Body-mass index is the weight in kilograms divided by the square of the height in meters.
Race was self-reported.
In the U.S. trial, one patient in the placebo group who had an eye pigmentation abnormality was excluded before receiving the first implant, and two other patients discontinued the study early owing to medical reasons that were unrelated to the study drug. In the European Union trial, a physician decided to withdraw one patient from the study because of worsening of preexisting severe headaches.

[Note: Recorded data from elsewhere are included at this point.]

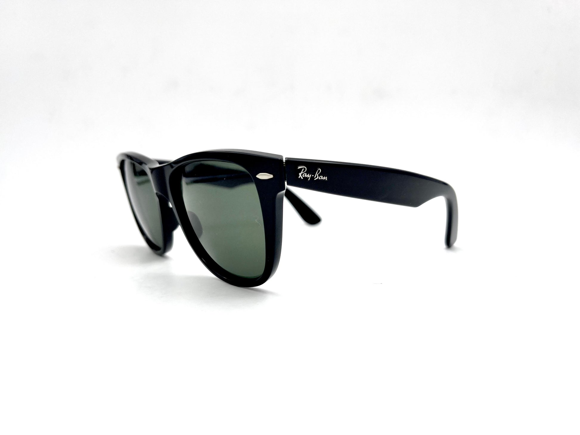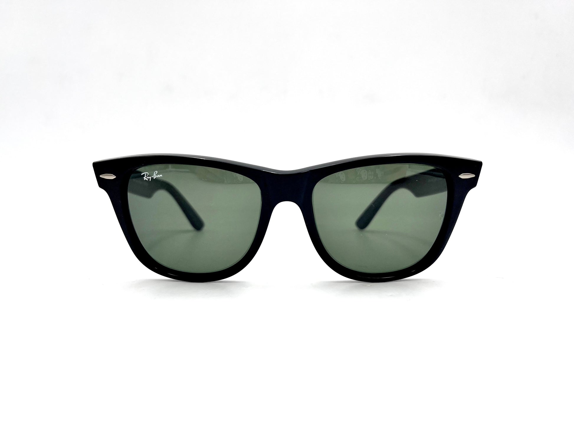 Ray-Ban da sole modello wayfarer in acetato nero opaco, taglia XL. Frontale squadrato con lenti verdi, aste con tipico logo del brand in argento.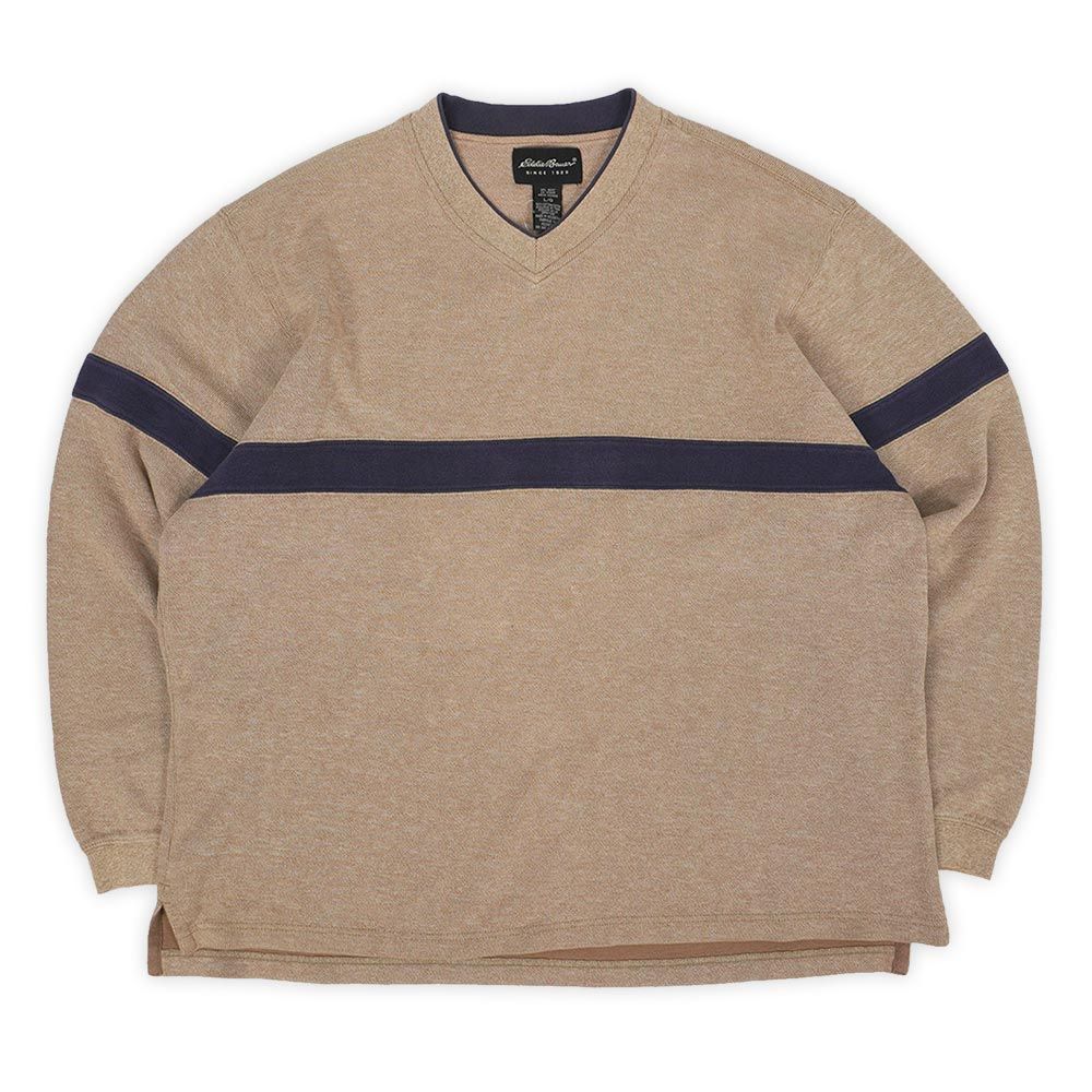 エディーバウアー Eddie Bauer 00s 2000年代 Vネック コットンニット 黒タグ USA ヴィンテージ アメリカ 古着 メンズ ニット セーター ベージュ ネイビー L【中古】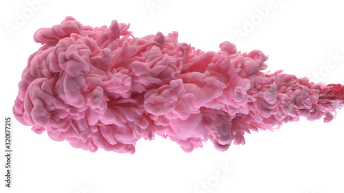 © peefay, Naklejka premium Różowy atrament spadł do wody na białym tle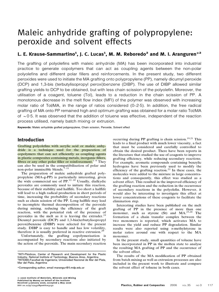 Krause-Sammartino et al. Maleic anhydride grafting of polypropylene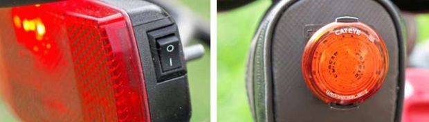 Lampu belakang yang dipasang secara kekal adalah sebahagian daripada peralatan standard basikal. Gambar kanan pula lampu berprestasi tinggi dengan tetapan berbilang mod yang boleh dipasang pada beg pelana basikal.

Serious adverse events in the afamelanotide groups were subcapital humerus fracture with uncomplicated repair, herniated disk, abdominal pain, and benign compound nevus. Serious adverse events in the placebo groups were pulmonary embolus and melanoma. All serious adverse events were deemed by the investigators not to be related to study drugs.
Patients in the European Union study received five implants, and those in the U.S. study received three implants.